The ISS is set to get a massive PC upgrade. SpaceX and the Enterprise are sending a supercomputer up to the station on SpaceX’s next resupply mission, set for Monday.
As far as opportunities go, ISS certainly does deliver. This space-borne orbital laboratory allowed government and private groups test technology and perform research in microgravity, gave us a testbed for astronaut health in-space, and gave NASA a good toehold for proving technology future deep space missions will need.
There is one field of technology, however, that hasn’t received that much love on the ISS — computers. Currently, the station is handled by computers relying mostly on i386 processors which are, to put it mildly, absolute rubbish. It’s not much of a problem however since all of the station’s critical systems are monitored by ground control, who can work with astronauts in real time to fix any problems that might appear.
It starts to become a problem the farther away you go from the Earth, though. If we want to have any chance of sending a human crew beyond the Moon, we’ll need computers powerful enough to operate in a deep space environment without backup from ground control. For starters, because of the longer distances involved, communications will start experiencing delays in excess of half an hour at the more remote points of the mission. When that happens, the crew and its computers will have to be able to deal with any issue that arises.
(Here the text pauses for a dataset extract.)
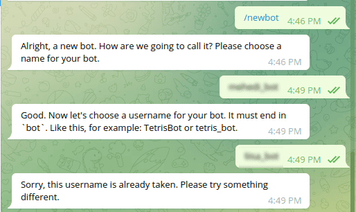 If the username you chose is taken, BotFather will ask you to try a different one.
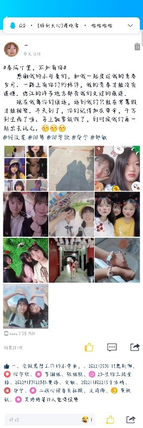 感恩是一种对恩惠心存感激的表示,是一位不忘他人恩情的人萦绕心间的情感。通过前期宣传工作,各学院同学积极参与主题活动。活动中,义工们有的用QQ空间动态@家人、老师、朋友并用文字表述一个个感人的小故事,以此表达自己的感激之情,也有用微信聊天图片合影等方式向身边人传递感恩之情

We’re talking a lot more processing power than a few i386s can churn out. That’s why NASA and Hewlett-Packard Enterprise (HPE) are launching the supercomputer to the ISS — to see how it fares in the cold, zero g environment of outer space. The device will be shuttled Monday aboard SpaceX’s next supply mission to the station.
The 1 teraflop ‘super’computer isn’t that powerful by planetside standards, but it is the most powerful computer to ever make its way into space. It’ll stay there for one year, installed inside a rack in the Destiny module of the space station. It will spend this time powering through an endless series of benchmarks designed to detect if and how the computer’s performance is degraded in space.
An identical copy of the computer will run the same tests in a lab down on Earth to serve as a control.
If everything works out fine, the supercomputer might even stay on the ISS after the experiment to help astronauts in their data-crunching needs, saving up a lot of broadband. Let’s hope the experiment works, so NASA will soon have the computers it needs to send people further into the solar system.